The phenotypic diagnostic tests; KOH direct microscopy, PAS staining, fungal culture and fluorescent staining were respectively positive in 52%, 55%, 70% and 80% of the processed specimens. There was a statistically- significant difference between positive and negative results regarding fungal culture and fluorescent staining procedures (P<0.001) (Table 2 & Fig. 1).

Table (2):
Diagnosis of onychomycosis by phenotypic tests.

Diagnostic tests Positive
No. (%)
No. (%)
Total (n=100) Z test P-value
Conventional KOH mount 52 (52%) 48 (48%) 100 0.42 0.335
PAS staining 55 (55%) 45 (45%) 100 1.27 0.101
Mycological culture 70 (70%) 30 (30%) 100 5.52 <0.001**
Non-conventional Fluorescent staining 80 (80%) 20 (20%) 100 8.34 <0.001**

Fig. 1. KOH mount, PAS staining, fluorescent staining results
1: KOH mount showing: (a): Branched septate hyphae (b): Budding yeast cell.
2: PAS stain film showing: (a): Branched hyphae with conidiophores. (b): Budding yeast cell.
3: Fluorescent microscopic examination showing: (a): Branched hyphae with microconidia. (b): Budding yeast cell with pseudohyphae.

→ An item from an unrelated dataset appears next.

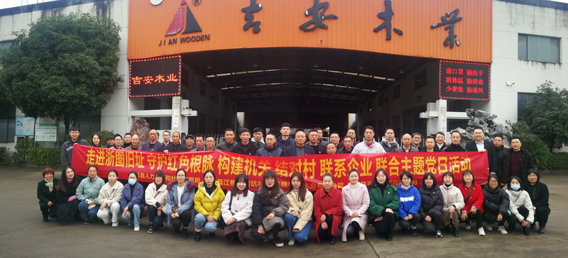 2021年11月22日下午,慶元縣人力資源和社會(huì)保障局、江根鄉(xiāng)若坑村黨支部、吉安木業(yè)黨支部、正興文具黨支部聯(lián)合主題黨日活動(dòng)走進(jìn)吉安木業(yè)。

A total of 76 fungal species were isolated from 70 positive fungal cultures. This study showed that the highest frequency was for yeasts (39/76: 51.3%) of which the most frequently isolated species were Candida spp. (28/76: 36.8%). Dermatophytes accounted for 31.6 % (24/76) of the totally-obtained fungal isolates of which Trichophyton rubrum was the most prevalent species (11/76:14.5%). NDMs represented 17.1 % (13/76) where; Aspergillus fumigatus was the predominant species (8/76: 10.5%). Mixed mycotic infections were recovered from 6% of the cultured nail specimens (Aspergillus fumigatus + Candida spp.; 3% and Aspergillus fumigatus+ Trichophyton rubrum; 3%) (Fig. 2 & Fig. 3).

Fig. 2. Mycological profile of the collected nail specimens 76 fungal species were isolated from 70 positive fungal cultures.

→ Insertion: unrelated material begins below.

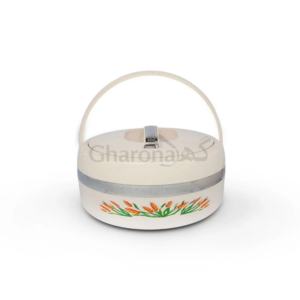 The Happy Hot Food Server features premium insulation and a secure lid to keep meals warm and fresh. Available at Gharona, H.526 Shahzad Plaza, College Road, Rawalpindi perfect for home use, parties, and gifting.

Fig. 3. Macroscopic appearance of the obtained fungal isolates on SDA
1: Trichophyton mentagrophytes showing: (a): Fluffy surface appearance. (b): Reddish brown colored reverse.
2: Epidermophyton floccosum showing: (a): Cottony white aerial mycelium surface appearance. (b): Yellowish brown reverse colony.
3: Aspergillus fumigatus showing blue-green granular colony.
4: Curvularia spp. showing fluffy and gray to gray-brown colony.
5: Rhodotorula spp. showing moist, creamy colonies.
6: Candida spp. showing smooth, creamy white colonies
7: Geotrichium spp. showing white to cream-colored yeast like colony.

In this study, 98 out of 100 nail specimens (98%) were positive by PCR assay (Fig. 4).The results of ITS rDNA PCR-based sequencing that was applied for species identification from 30 nail specimens revealed that yeasts, dermatophytes and NDMs accounted for 36.7% (11/30), 33.3% (10/30) and 30% (9/30), respectively. Among yeast fungi, Candida tropicalis was the most frequent isolate (5/30:16.7%). The most dominant isolated dermatophytes were Trichophyton rubrum representing 16.7% (5/30). For NDMs, Aspergillus niger, Aspergillus fumigatus and Curvularia lunata equally represented 10% (3/30) (Fig. 5 & Fig. 6a & b).

Fig. 4. Agarose gel electrophoresis for the PCR amplified products of ITS gene applied for diagnosis of onychomycosis
A: Before purification
• Lane M: DNA molecular size marker (100-1000 bp).
• Lanes 1, 2, 3, 4, 5, 6, 7, 8, 9, 11 and 12 were positive for ITS gene.
• Lane 10 was negative for ITS gene.
B: After purification
• Lane M: DNA molecular size marker (100-1000 bp).
• Lanes 2, 3 and 4 were purified PCR amplified products.
• Lane 1 and 5 were non-purified PCR amplified products.

Fig. 5. Distribution of the obtained fungal species according to ITS rDNA PCR- based sequencing.
Sequencing was performed for 30 PCR products of nail specimens.

Agreement between the diagnostic tests (KOH, PAS, fluorescent staining and PCR) and fungal culture was evaluated by the Cohen kappa test. For each pair of tests, the kappa coefficient interval was listed in Table 3. The agreement of fungal culture with PAS and fluorescent staining was fair (0.396 and 0.315, respectively) and proved to be higher than that with KOH and PCR (slight agreement; 0.024 and 0.091, respectively).

Table (3):
Agreement and diagnostic accuracy of KOH mount, PAS staining, fluorescent staining and PCR in relation to mycological culture as the gold standard for diagnosis.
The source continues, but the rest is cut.